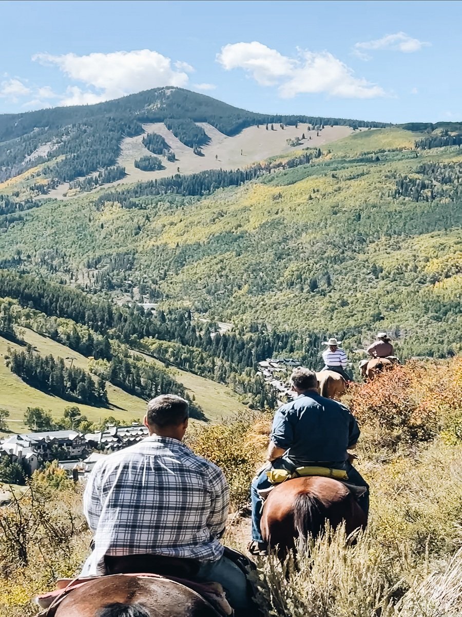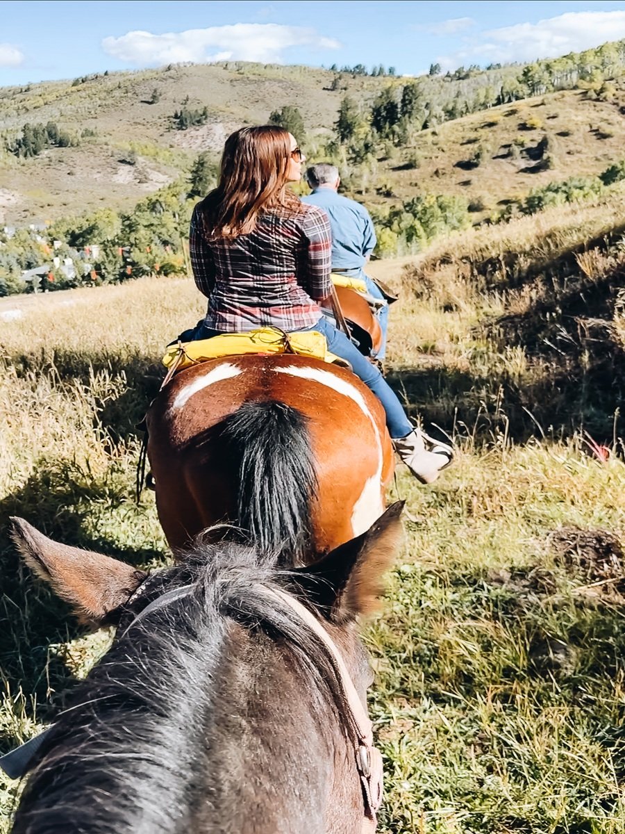 Next up: a horseback ride with Beaver Creek Stables—my favorite experience of the trip. I rode JR, a steady and patient horse, while Pete had Geronimo, who came with a little extra personality. The ride up Beaver Creek Mountain takes about an hour, winding single-file through aspen groves and open trails, then opens up to stunning alpine views. At the top, we enjoyed a picnic lunch with the mountains as our backdrop before riding back down.
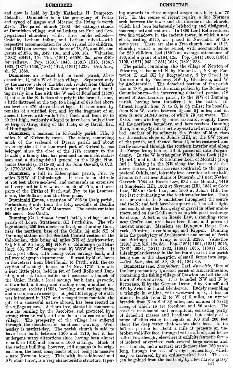 Dunnideer, Dunnikier, Dunninald House, Dunning, Dunnottar
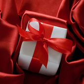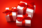 małe białe pudełka z czerwoną wstążką na czerwonym tle. używać go na specjalne okazje ilustracje.

#####

*Assignment:*
All that is needed is the lines from the line holding "Dunnideer, Dunnikier, Dunninald" to the final line of the listing above, repeated exactly, pictures excluded.

*Solved problem:*
 Dunnideer, Dunnikier, Dunninald House, Dunning, Dunnottar
 małe białe pudełka z czerwoną wstążką na czerwonym tle. używać go na specjalne okazje ilustracje.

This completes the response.